Our paths continued to cross over the years as Brewer settled into the Seattle Blues scene as a major player. I have a tape of a jam in Twist Turner's basement in the north end, just before Twist pushed off for Chicago to seek his fortune, with Brewer, Isaac and Brian Butler all playing guitars together, making a hellacious, wonderful racket - screaming Blues like you rarely hear in a more civilized Seattle of 2005.

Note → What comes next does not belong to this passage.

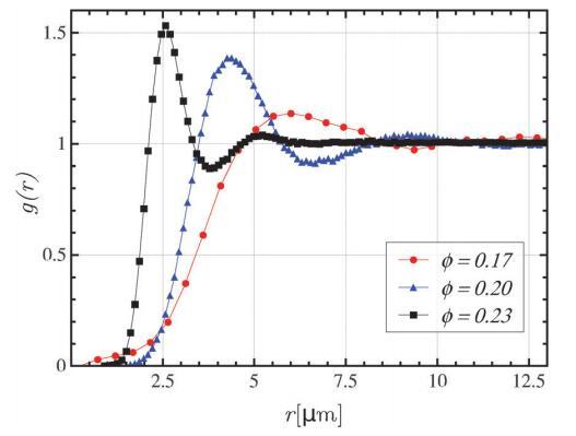 圖5顯示了三個實驗系統(tǒng)的徑向分布函數。在所有情況下,g(r)類似于液體,顯示出明確的第一峰(在rmax處),其表征了第一配位殼層,即最近鄰。此外,對于f=0.20和f=0.23的系統(tǒng),觀察到與第二配位殼對應的標記的第一最小值和第二最大值。由于“強”排斥作用,最近鄰距離遠大于平均磁疇直徑。因此,硬核斥力不是結構的決定因素,系統(tǒng)的特征長度是平均幾何距離rm=r 1/2。

I was hanging out on a break at the Salmon Bay Eagles last week when a friend of mine gave me a copy of Brewer's (right, at the Jolly Roger Roadhouse in Seattle in the mid-'80s) new CD and said "here - you have got to have this." Okay...I took it home and put it on, and you know what? This is a really good CD. I mean a really good CD. This is not another local blues band CD - you know what I'm saying - a relatively unadorned, low budget, live in the studio, what-you-hear-is-what-you-get any night out in the clubs type-CD. This is an album of good songs - a mix of covers and original tunes - with creative arrangements, and good engineering and production. Some songs have a very cool wall-of-sound effect - layers of guitars in harmony, a solid horn section that sounds like Phil Spector himself at the board; these are compositions, obviously approached song-by-song with as much time, energy, and creative thinking as necessary given to each one to make the man happy! Listening to this album over and over hearkens back to a time for me when I would anxiously be awaiting a new release from Freddie King, or Albert Collins, or the Allman Brothers Band, and as soon as I had my hands on it, I would just play it non-stop until I'd crawled all the way inside and the cuts were as broken-in and familiar as a good pair of boots.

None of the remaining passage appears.